= DATA =
━━━━━━━━

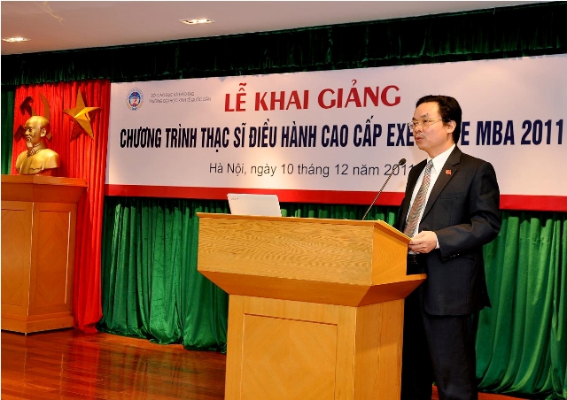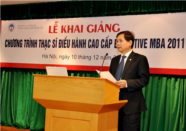Sáng 10/12/2011, tại Hội trường Gác 2, Nhà 10, trường Đại học Kinh tế Quốc dân đã long trọng tổ chức Lễ khai giảng Chương trình thạc sĩ Điều hành cao cấp khóa 1 (2011 – 2013). Đến dự buổi lễ có: GS.TS.Nguyễn Văn Nam – Bí thư Đảng uỷ – Hiệu trưởng , GS. TS Phạm Quang Trung, Phó Hiệu trưởng cùng các đồng chí đại diện lãnh đạo các đơn vị, đoàn thể, các đồng chí trong Ban Điều hành Chương trình, các giảng viên của Chương trình, các cán bộ quản lý của Viện Đào tạo Sau đại học và các tân học viên.
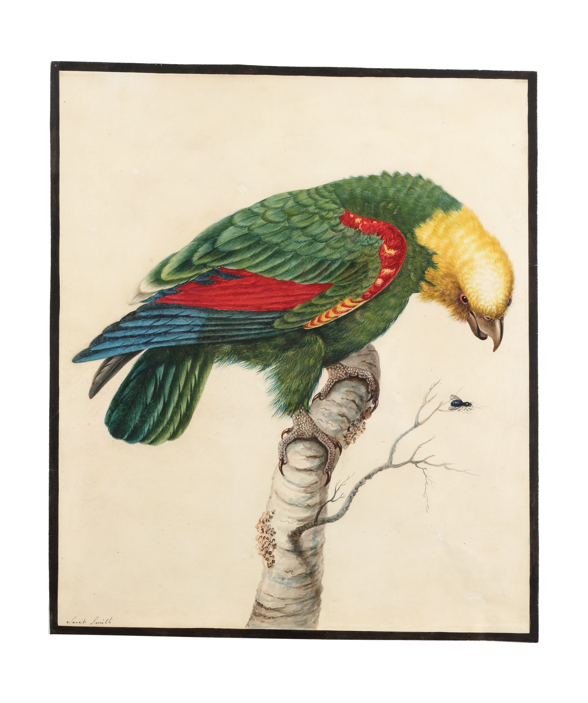 One of Sarah Stone’s ornithological watercolors, on display at Finch and Co
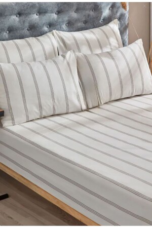 Pamuk Saten Lastikli Çarşaf Takımı Çizgili Çift Kişilik Beyaz/renkli Otel Tipi Lüx Yastıklı

━━━━━━━━

= TASK DETAILS =
Leave out the pictures, and write out all the remaining data above exactly.

= ANSWER SECTION =
Sáng 10/12/2011, tại Hội trường Gác 2, Nhà 10, trường Đại học Kinh tế Quốc dân đã long trọng tổ chức Lễ khai giảng Chương trình thạc sĩ Điều hành cao cấp khóa 1 (2011 – 2013). Đến dự buổi lễ có: GS.TS.Nguyễn Văn Nam – Bí thư Đảng uỷ – Hiệu trưởng , GS. TS Phạm Quang Trung, Phó Hiệu trưởng cùng các đồng chí đại diện lãnh đạo các đơn vị, đoàn thể, các đồng chí trong Ban Điều hành Chương trình, các giảng viên của Chương trình, các cán bộ quản lý của Viện Đào tạo Sau đại học và các tân học viên.
 One of Sarah Stone’s ornithological watercolors, on display at Finch and Co
 Pamuk Saten Lastikli Çarşaf Takımı Çizgili Çift Kişilik Beyaz/renkli Otel Tipi Lüx Yastıklı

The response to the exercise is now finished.